Patrick Dubuque Made This Baseball Painting for Me, or, How NotGraphs Improved My Life


Patrick Dubuque
United States, born 1978
Untitled, 2014
paint on canvas, I think

Its first post having been made on November 10, 2010, “NotGraphs, The Blog,” lasted just under four years. It began with four regular contributors: Carson Cistulli (also the editor, duh), Jack Moore, Eno Sarris, and Leo Martin. Since then, 42 people have posted here at least once, with 19 contributors posting at least 20 pieces. They weren’t all great pieces, but then, look who the editor was.

David Appelman, in his introductory post, expected that NotGraphs would provide “a place to put things that would otherwise not have a place on FanGraphs, that we find interesting and we think you would also find interesting” and that The Blog would “let us broaden our horizons a bit by looking at a wide variety of additional baseball subjects.”

I cannot, in good conscience, say, “Mission accomplished.” It’s not my place to say that anyway. What I can say: NotGraphs quickly became a place for the silly, whimsical, and absurd. It also became a place for hot GIF action. Occasionally, it was a repository for the literary, the earnest, and the pensive. By my taste, there were some truly great things that happened “in these electronic pages” (Banknotes Harper appears to think so, too). There were many other great things that happened in my life because of these electronic pages.

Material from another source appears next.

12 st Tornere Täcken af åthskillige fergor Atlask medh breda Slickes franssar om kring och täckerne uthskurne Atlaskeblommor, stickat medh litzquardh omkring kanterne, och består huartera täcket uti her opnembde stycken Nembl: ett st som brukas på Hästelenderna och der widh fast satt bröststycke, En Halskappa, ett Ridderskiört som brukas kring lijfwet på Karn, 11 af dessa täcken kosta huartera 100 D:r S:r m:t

Not least among these blessings are the somewhat regular quasi-existentialist g-chats that I have with Patrick Dubuque, one of which eventually led to A NotGraphs Fireside Chat, which had very little to do with baseball. (Such hardly-baseballing posts happened with some regularity.) Having met Patrick IRL in Seattle—whereabouts he lives and where we consumed several beers before going to a Mariners-Angels game at Safeco Field—I now count him as a real friend. A couple of weeks before I left Milwaukee with my wife to move to California, I received the above painting from Patrick along with several other baseball goodies. Patrick keeps me thinking about writing and its place in this electronic world, and that means a lot to me.

At the same time that I met Patrick IRL, I met his fellow Seattleite Kyle Davis, with whom I’d struck up a g-chat relationship after he won my Who Is the MLB Krampus? contest by nominating Marge Schott. The meeting helped spawn another friendship that I hope to maintain for life. (Earlier this year, when I was in Seattle again, Kyle allowed me to sully his guest room for a night.)

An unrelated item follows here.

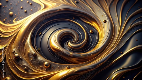 gold, black, swirl, vortex, abstract, liquid, metallic, shiny, elegant, luxurious, texture, background, design, art, pattern, graphic, illustration, glossy, sphere, particle, glistering, dark

As a prize for the MLB Krampus contest, I sent Kyle a hand-crafted baseball card of Schott-as-Krampus, which he wrote about for his now-retired and wonderfully named baseball blog, The Trance of Waiting. In that piece, Kyle turned a phrase that’s quite applicable, from my vantage, to NotGraphs: “Proving that the Internet’s absurd strangeness can be used for good instead of pure evil from time to time….”

Kyle didn’t write for NotGraphs (though I think he should have), but he has something of a rapport with a number of its contributors, and I think he’s not the only one. If I’ve gained at least four good friends from this thing, and if I don’t consider myself special (and I don’t), then I should assume that others have made similar connections, or at least been affected in similarly positive ways.

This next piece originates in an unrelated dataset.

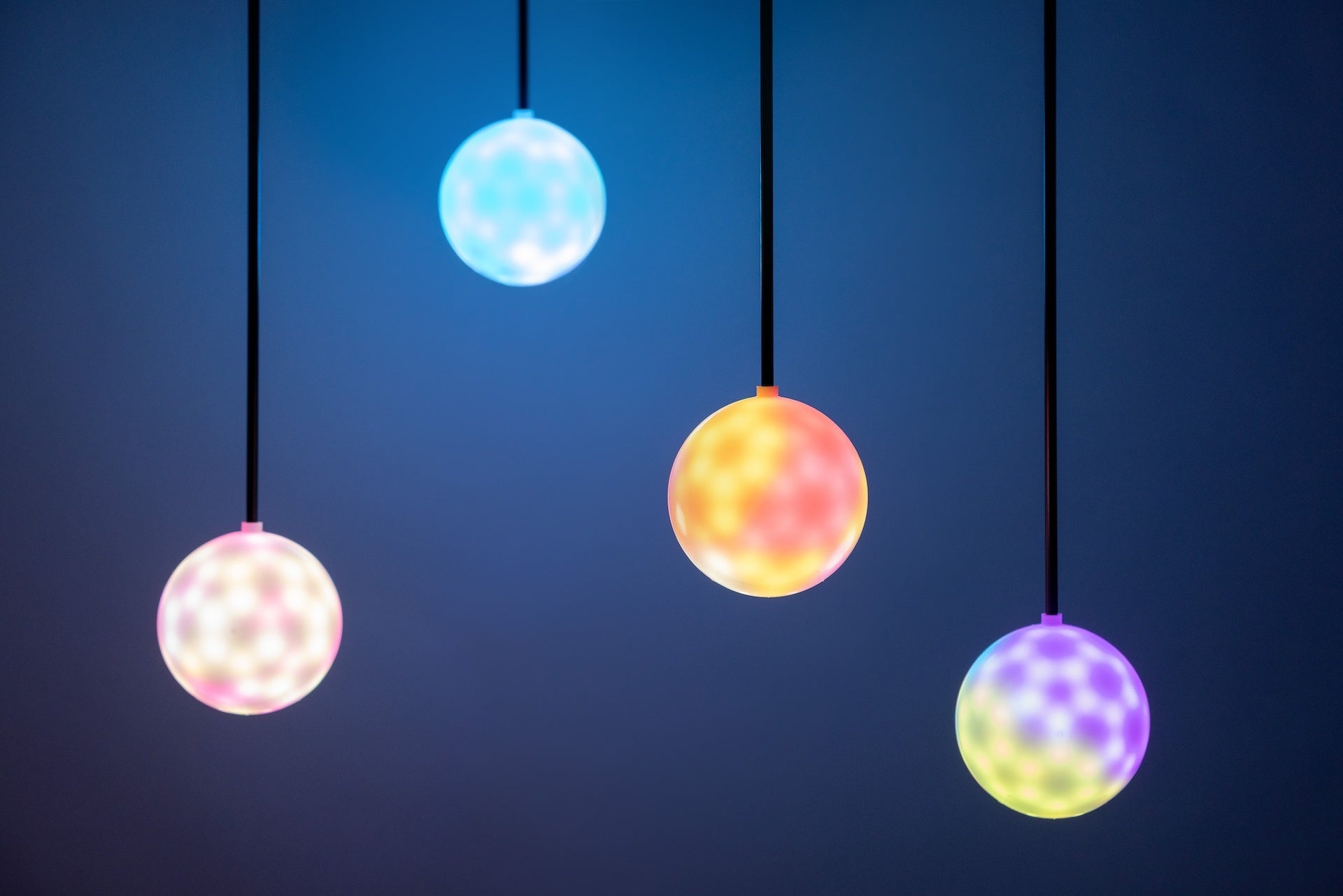 メディアアート作品や空間演出、家庭向けに様々な照明を開発してきたアブストラクトエンジンが今回開発した「PixOrb」の特徴は、単体で三次元的なアニメーションを表現可能なミニマムな灯体であることです。これまで様々なシーンで空間的な照明演出を行う際、各灯具はLEDを直列に連ねた「曲線」や、小型ディスプレイに近い「平面」の光を構成要素としていることがほとんどでした。それら各灯具の位置を考慮することで「二次元的な灯具の三次元的な配置」を考慮した演出を行ってきましたが、「PixOrb」では「三次元的な灯具の三次元的な配置」を活かした演出を新しい形で実現することを目指しました。そのために、より多面的でありつつミニマムな三次元形状である「球」に着目して開発を始めました。

Back when I first applied to the FanGraphs umbrella—they were hiring for RotoGraphs and NotGraphs at the same time—I really wanted to write for RotoGraphs, and the only writing sample I submitted was a fantasy-related piece. But, somehow, my cover email prompted Carson to dig deeper into my résumé, which revealed my creative writing background. (DM me for a copy of my very good master’s thesis in fiction!)

Now’s a good time—my last chance, really—to reveal that Carson had a significant role in my continually developing obsession with baseball. In 2009, before I really even knew who he was, Carson wrote a post about Mark Bellhorn. It is written in that indelibly Cistullian voice; it was equal parts analytical insight and gushing adoration of a player. In a dumb blogpost of my own, I whimpered, “This article makes me feel ok as a human being, and I guess that is worth crying about.” In that post, I had referred to baseball as my “one of my many interests,” where as now it is much more than that. After reading Carson’s Bellhorn article, I would return to FanGraphs on a daily basis, which in turn set me off on a very fun, years-long reading spree on baseball analytics. The subsequent launching of NotGraphs then created a bridge between my hunger for the analytical and my love of the absurd.

This is a post about how NotGraphs has made my life better, and I feel like I have seen what has meant to others, too—readers and contributors alike. But I didn’t want to speak for everyone else, so I asked other writers for reflections on the NotGraphs Experience™ to share here.

Patrick Dubuque:

When I was young I always felt like to be a capital-W Writer I would have to write a novel or a newspaper column. I didn’t want to do either. NotGraphs taught me to abandon that, abandon convention, abandon the concept of Being a Writer at all or even being recognizable. The site’s very lack of success, based on how success is usually determined in sportswriting, is what made it so dear to me: it wasn’t beholden to anything except our own limitations, and the occasional flash of man-nudity. Without it I’d still be writing like someone else.

Dayn Perry:

NotGraphs was utter creative liberation for me at a time when I needed nothing more or less. Despite the occasional “Removed by Administrator” bit of workflow, I barfed up whatever I wanted — so, so, so much of it stupid. This is, to be sure, a reflection of the free-range editorial ethos, but it also flows from the stalwart NotGraphs commenters, whom I declare to be The Only Reasonable People on the Internet. Their appetite for lovingly crafted nonsense is something I wish I could take with me and infect others with. I’m as likely to grow wings and become a sandwich. I am sincere when I say that I will miss them. This was an “open mic night” of baseball writing, and these few beautiful Internetters listened and clapped politely every time. Bless their hearts and sex organs.

Bradley Woodrum:

In writing about baseball for a half decade now, I’ve been called an idiot, been ignored, been ridiculed. The low point was a period where some commenters called for my suicide. But the NotGraphs community—the readers and writers—have always given me the courage to write, to put some of my vulnerable self out there in poetry or story or picture. The best writers on earth don’t even get that kind of community.

Without NotGraphs, I’d have fewer friends, fewer Twitter followers, fewer instances of fun over the last three years. I’d never have drunkenly strolled the streets of Chicago with Carson and Dayn (nor taken that epic shit/nap in a Chicago dive bar)—a truly saddening thought. I’d never have published Dayn’s chapbook, which, I can’t even tell you how fun and rewarding that was for me, and I didn’t even write it! Thanks so much to everyone who bought one, wrote a review, tweeted pics of it next to beers and wholesome, nutritious cigarettes, got excited about it.

Without NotGraphs, I might have stopped writing altogether. I might never have believed that there was a reader/commenter base on the internet that wasn’t irreparably tainted by snark. I’d never have discovered Dale Thayer. I’d never have read so many fun things. So…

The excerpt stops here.